2) The clear understanding of Tax Sales and their Rates
It is very important to be accustomed to all the tax slabs and their interest rates so that you can properly evaluate your position. Make sure to keep track of the slab where you can get a rebate on your tax.
3) Disclosure of your Liabilities and Assets
This section is not for everyone, but for the people whose income exceeds more than 50 Lakhs, it is very important to disclose your liabilities and assets for full transparency. There is a separate schedule you can find in the ITR form.
4) Selecting the correct ITR form
Always select the correct ITR form while applying for tax returns. Without the correct form, the department cannot evaluate the right amount of tax that needs to be paid.
5) Cross-checking all the information
It is one of the most obvious points in order to get a hassle-free ITR filing. Make sure to cross-check, not once or twice but multiple times before submitting the ITR return.
Due Tax after Deducted TDS
There is no arguing over the fact that there are several instances where there is a due tax even after getting your TDS deducted. Even the banks nowadays have started to credit interests after deducing taxes. And apart from that, you don’t even have any extra source of income.

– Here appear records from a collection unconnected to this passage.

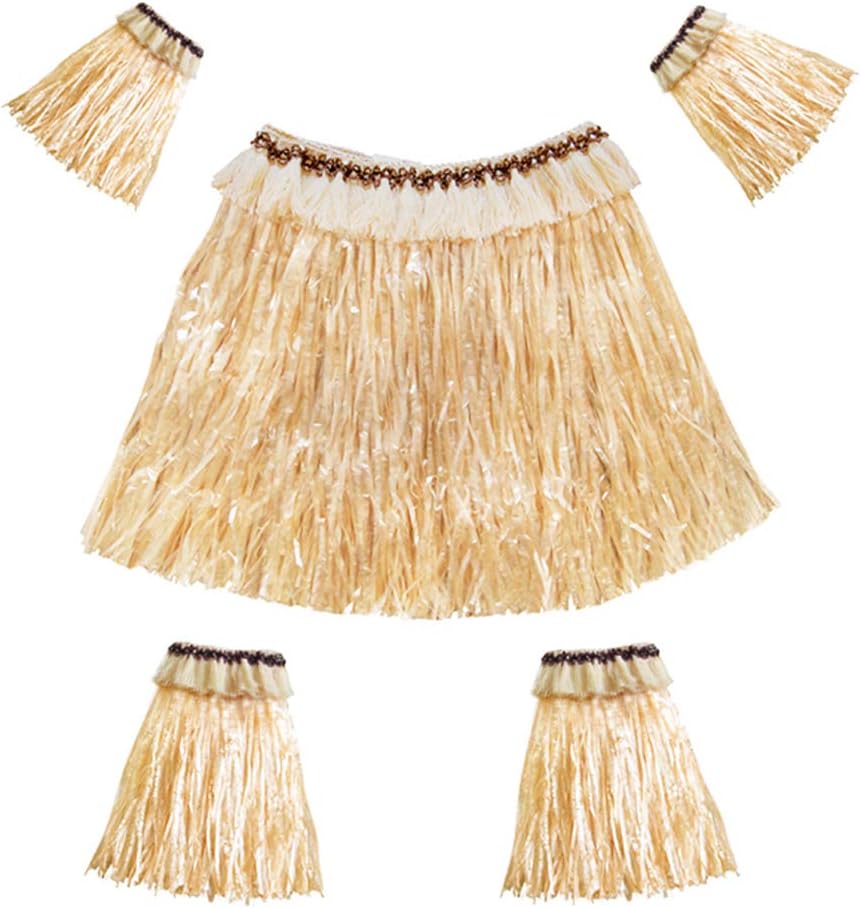 - PACKAGING(5Pcs): 2 * Arm rings + 2 * Foot rings + 1 * Hula grass skirt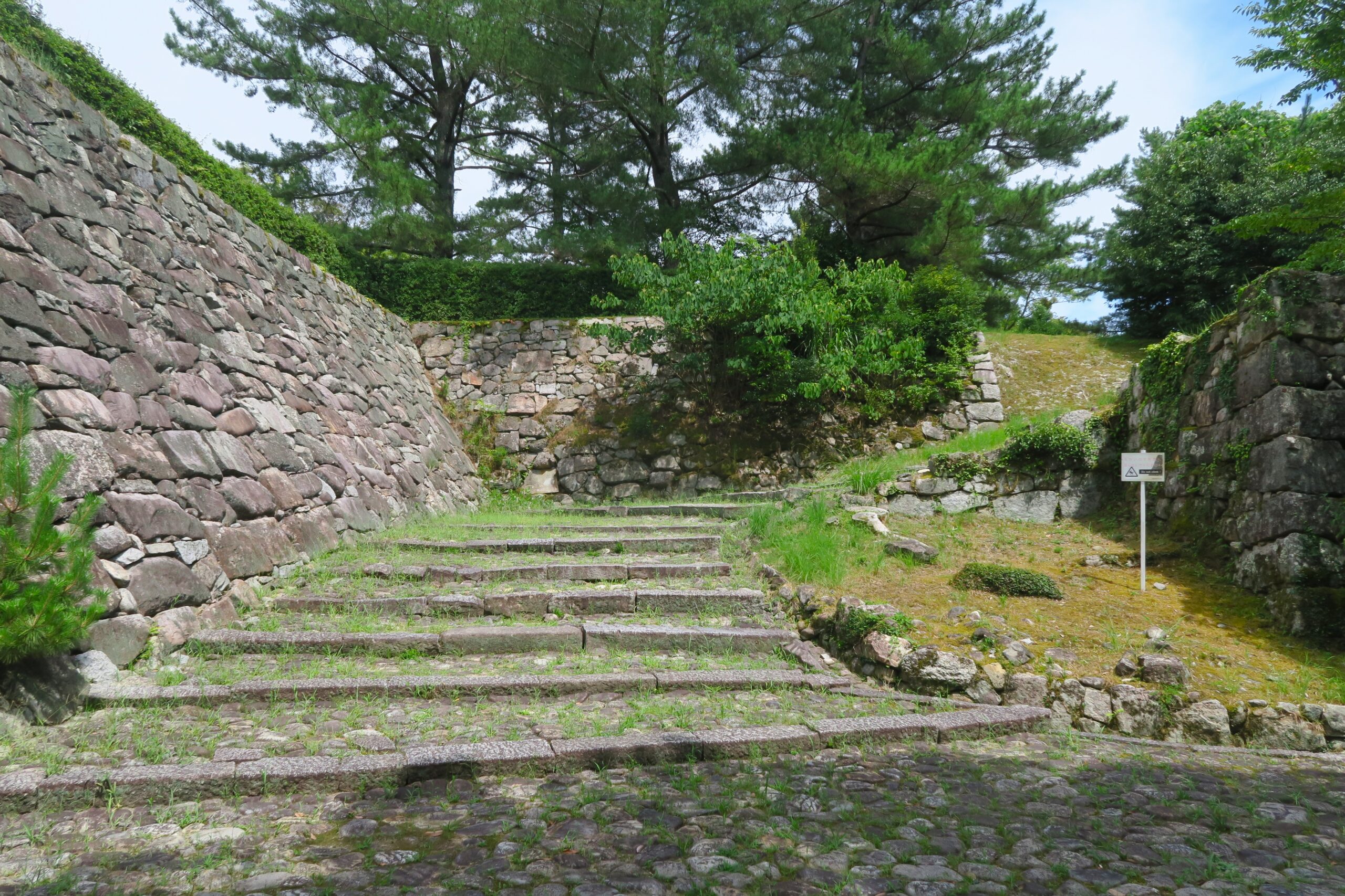 ほどなく大阪夏の陣で豊臣方が滅亡したことで対大阪への備えであった城は存在意義を失い、城普請は中止され天守は再建されませんでした。高虎は大阪の陣が終わった後、交通の便利がいい津城を本城としましたが、一国一城令で上野城は「伊賀の城」として存続が認められ、支城として城代家老(弟の藤堂高清)が執政することとなり幕末まで続きました。木立を抜けて坂道を上りきると、広々とした本丸広場に出ます。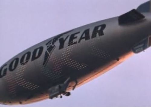 Reg. N10A Goodyear GZ-20. Several Goodyear blimps wore this registration. This is probably an archive footage of America (1969-1982) as Columbia (VIII) (1986-1992) and Spirit of America (2002- ) have a blue envelope.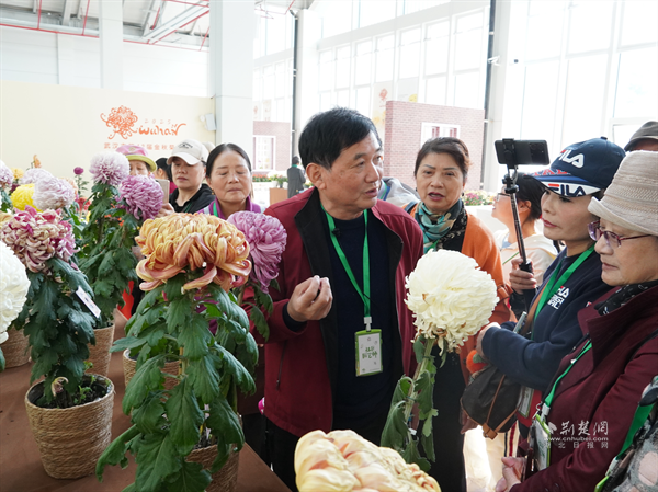 今年67歲的辛高爐擁有40多年菊花栽培經(jīng)驗(yàn),其培育的菊花品種與插花作品曾多次榮獲全國(guó)大獎(jiǎng)。他結(jié)合自己多年的養(yǎng)花心得,將菊花品種特性、造型技巧與養(yǎng)護(hù)要領(lǐng)娓娓道來,不僅吸引園藝師凝神傾聽,更引得沿途市民駐足圍觀。
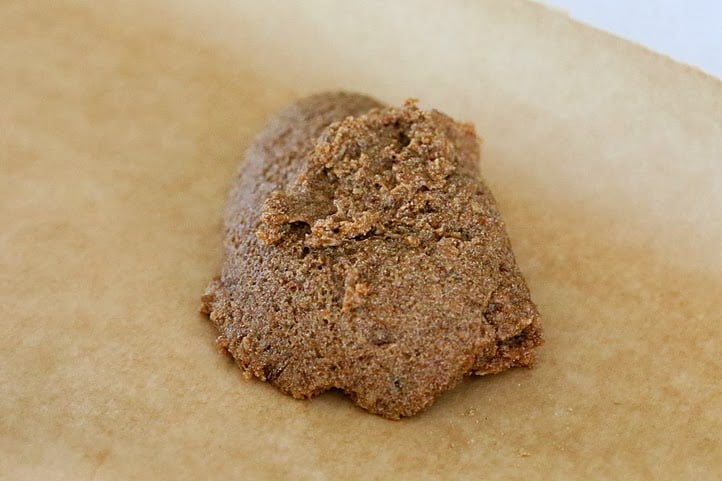 Add maple syrup slowly and mix into a uniform dough. Add oil, mix and Remove from heat. If using vanilla extract, omit the cardamom and add vanilla extract now and mix. Transferย to parchment.ย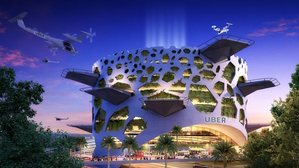 Uber first floated the idea of taking its transportation services skyward in a 2016 white paper. The Uber Elevate service would use vertical takeoff and landing aircraft to ferry people around busy urban centers. With a range of up to 60 mi (96 km), the aircraft would move between Skyports stationed around cities, getting passengers where they need to go and swapping batteries or charging up at the same time.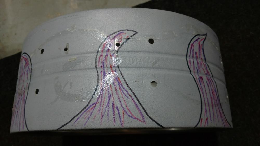 Under the wrap, the snare had been painted a flat gray-ish color (sort of similar to an Acrolite) and had been drawn on with crayon. Yes, crayon. And not by a child either. The artwork was a little too good for that. I attached some photos. As much as I want to think "Grrrr, who would do that?!?!?", another part of me thinks "That was creative".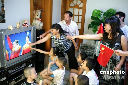 8月23日,四川閬中古城書院街一幢居民樓內(nèi),中國花樣游泳隊選手王娜的親朋圍在電視機旁觀看北京奧運會花樣游泳集體自由自選決賽。當(dāng)日,中國花樣游泳隊奪得團體自由自選銅牌,這是她們在奧運會歷史上獲得的首枚獎牌。
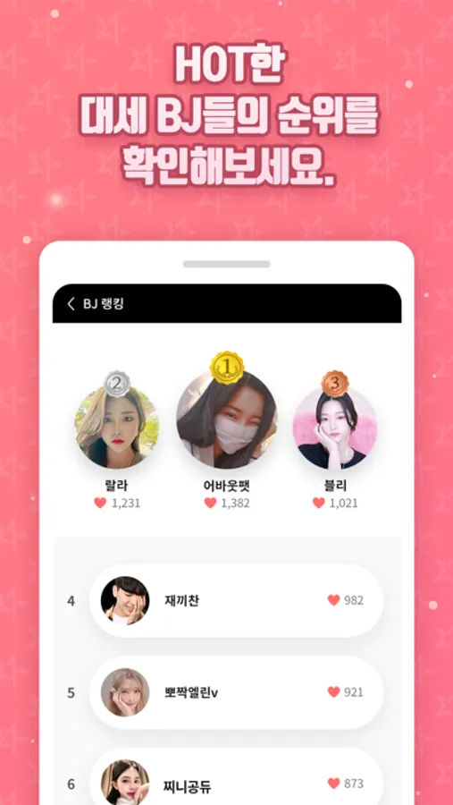 * BJ의 팬덤이 많은 순으로 랭킹을 매겨서 지금 가장 인기 있는 BJ를 알아볼 수 있어요. 응원하는 BJ의 랭킹이 낮아도 속상해 하지 마세요. 지금 바로 열혈 팬이 되고 그들에게 응원을 보내면 기쁨의 인사가 돌아올 거예요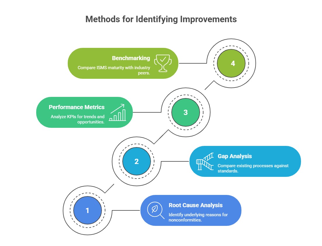 Identifying opportunities for improvement enables organizations to enhance their security posture, adapt to evolving threats, and ensure compliance. It’s a proactive approach that drives the ISMS towards increasing maturity and resilience.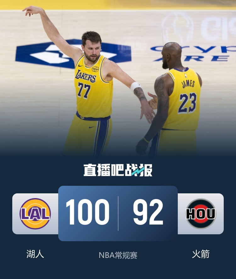 首节开打后小贾巴里、杜兰特和阿门轮番输出,火箭一度占优,但东契奇内外开花独取16分率队后来居上,首节结束时湖人领先1分,次节回来,两队你来我往比分紧咬,末段湖人进攻突然停滞,火箭延续火力一波8-2拉开比分,半场战罢,火箭反超6分。易边再战后火箭杀伤内线确立两位数优势,东契奇连投带罚率队追分,湖人三军用命回敬14-2再度领先,三节结束后湖人反超3分,末节决战,双方你来我往交替领先,决胜时刻湖人一波9-0确立胜势,最终湖人100-92力克对手豪取6连胜,同时守住西部第3。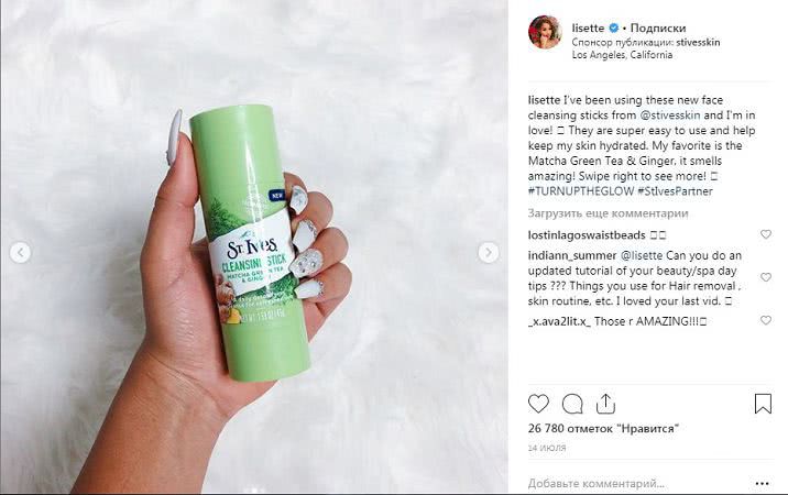 Реклама Stivesskin в инстаграм-профиле блогера @lisette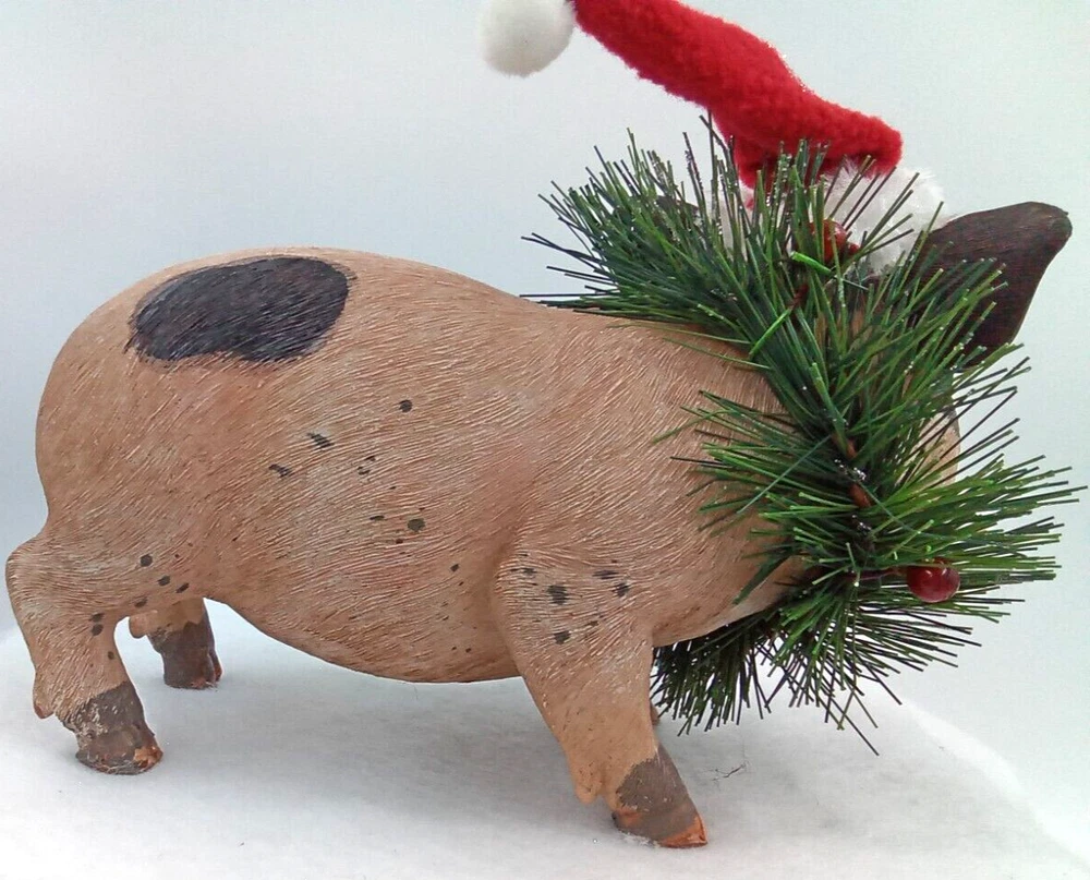 Christmas Pig Figurine Statute Santa Hat Wreath Snout Hoof Tail Textured Stands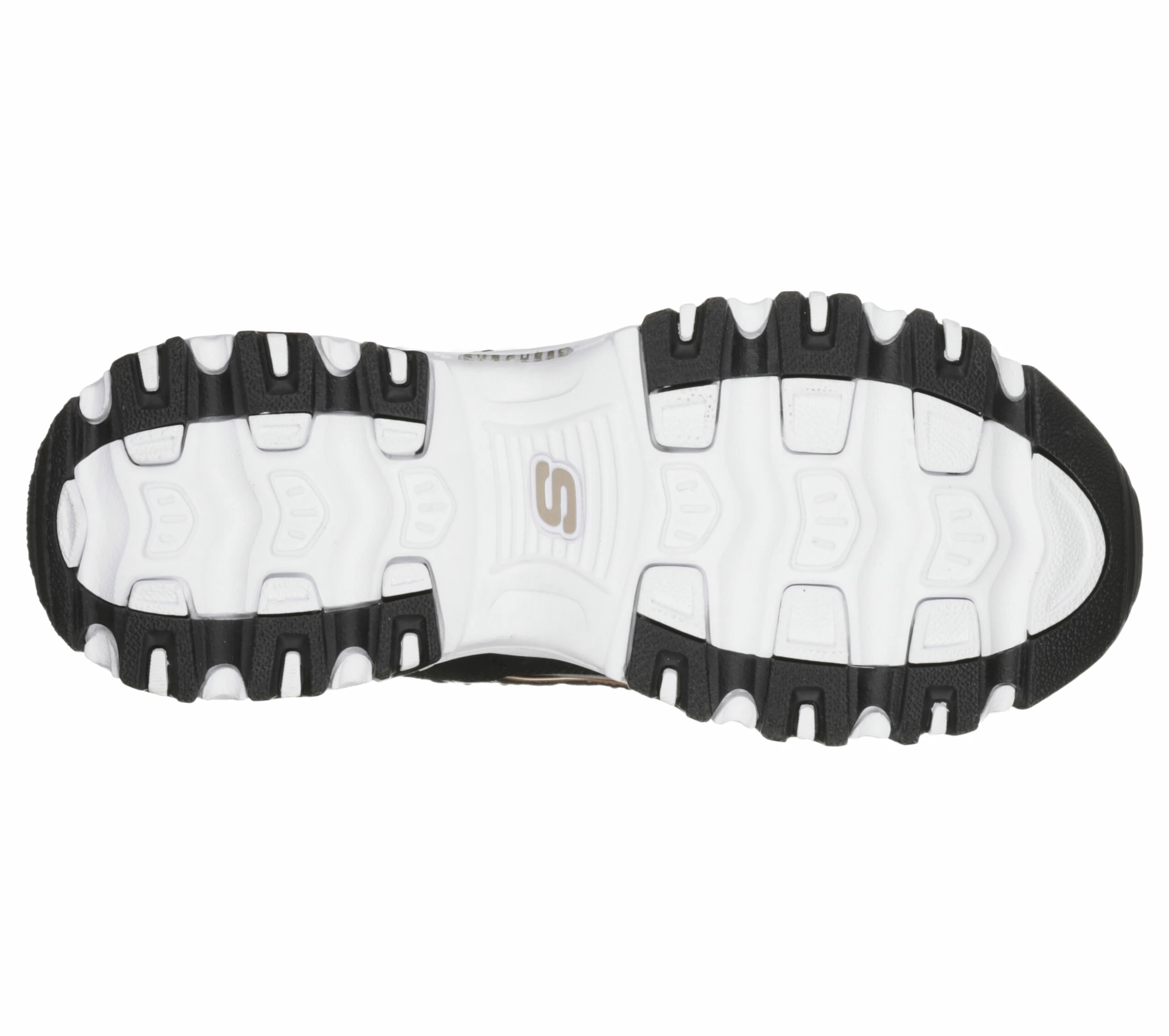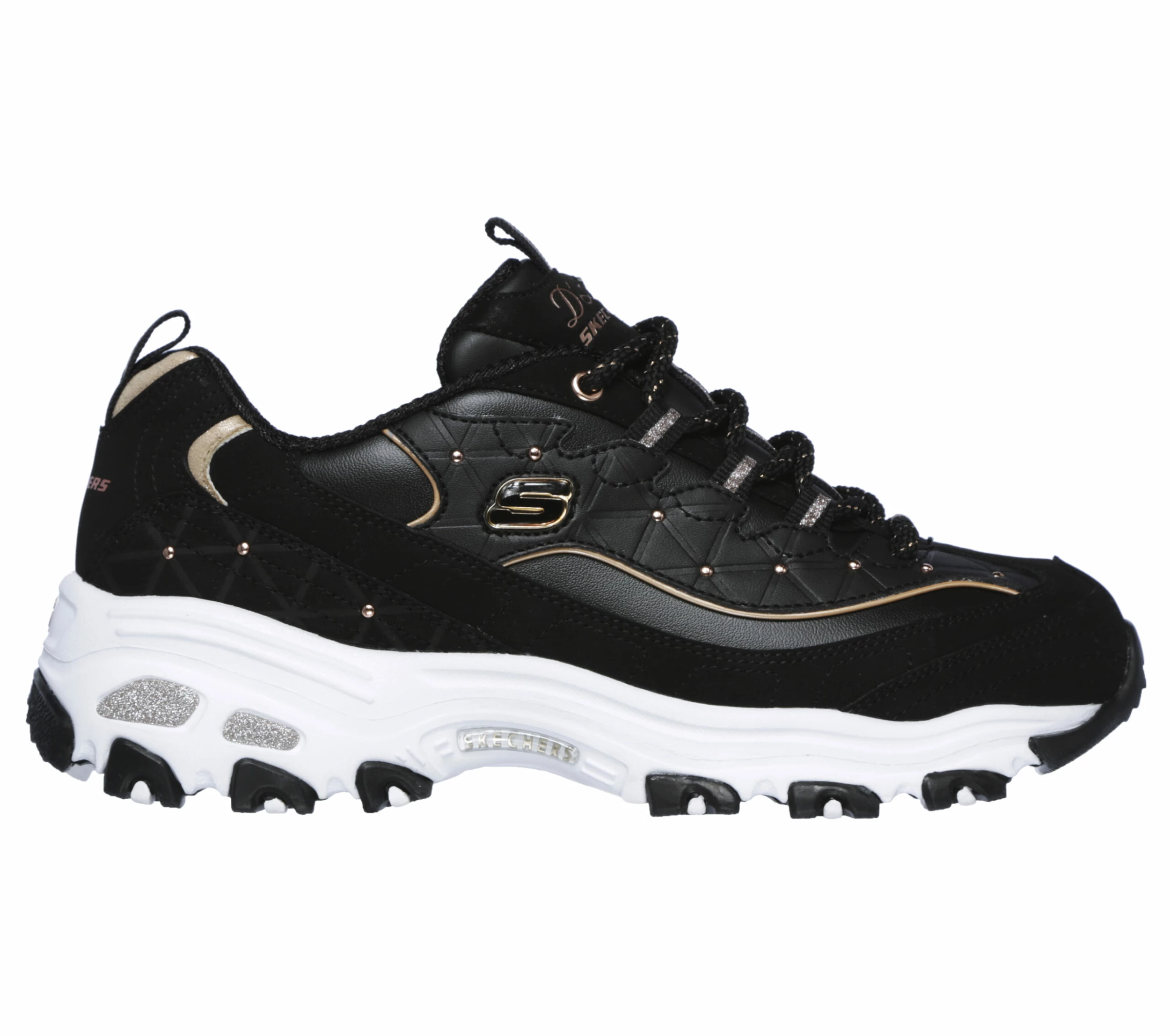 A popular classic sneaker style gets a fashionable new look with the SKECHERS D’Lites – Glamour Feels shoe. Smooth leather and metallic synthetic upper in a lace up sporty casual sneaker with stitching and overlay accents. Air Cooled Memory Foam insole.

This is one of the biggest confusion among taxpayers, especially for the salaried. Now, there is a trick to understand over here. For the majority of the time, TDS deducted by the employer is at 10%. And the same goes for your bank. Now. If you are falling into a different tax slab, there is still some outstanding income tax that needs to be paid. That is what creates all the confusion. So, the next time you are about to file your ITR, make sure to know your tax slab under which you fall. This can give you a vivid idea of how much tax you shall be paid.
Common mistakes the HRs make while filing the ITR
The HR managers in any organization play one of the most important roles while managing the payrolls of the employees. That being said, here is a list of some of the common mistakes that HR makes while filing ITR:
- With the new 2020 union budget, HR needs to keep track of the new tax slab as well as the old ones.
- While this might be of convenience for the company’s employee, it is certainly one of the mistakes HR shall make regarding the choice of the tax slab.
- Apart from the taxation slab, HR needs to keep a track of the tax exemptions that the employees can avail.
- Without the proper knowledge of LTA and HRA, HR ends up making more payments to the employees.
Understanding successful ITR filing
As we have advised before in the article. It is very important to submit your ITR before the due date. This is mostly because, within the last few days, the servers are always overloaded. So, make sure that you get an acknowledge number from the Tax Department. This acknowledge number ensures that you have successfully submitted your income tax return. That being said, if you don’t receive the same, it is time to cross-check and refile.
What to do after an Erroneous Return?
As we have discussed earlier, if you have created an error during the time of filing, you are always allowed to revisit and make certain changes to it. This can help with making any further errors. Under section 139 (5), you can always get your files revised with the correct particulars. So, no need to worry about the same. No matter the error, they can still be rectified if found at the right time.
To sum it up
While drawing a conclusion to the above-discussed article, all the topics cover some of the most important aspects one needs to know while filing their income tax returns. Once you get everything right, it is guaranteed that you will experience a seamless tax filing like never before.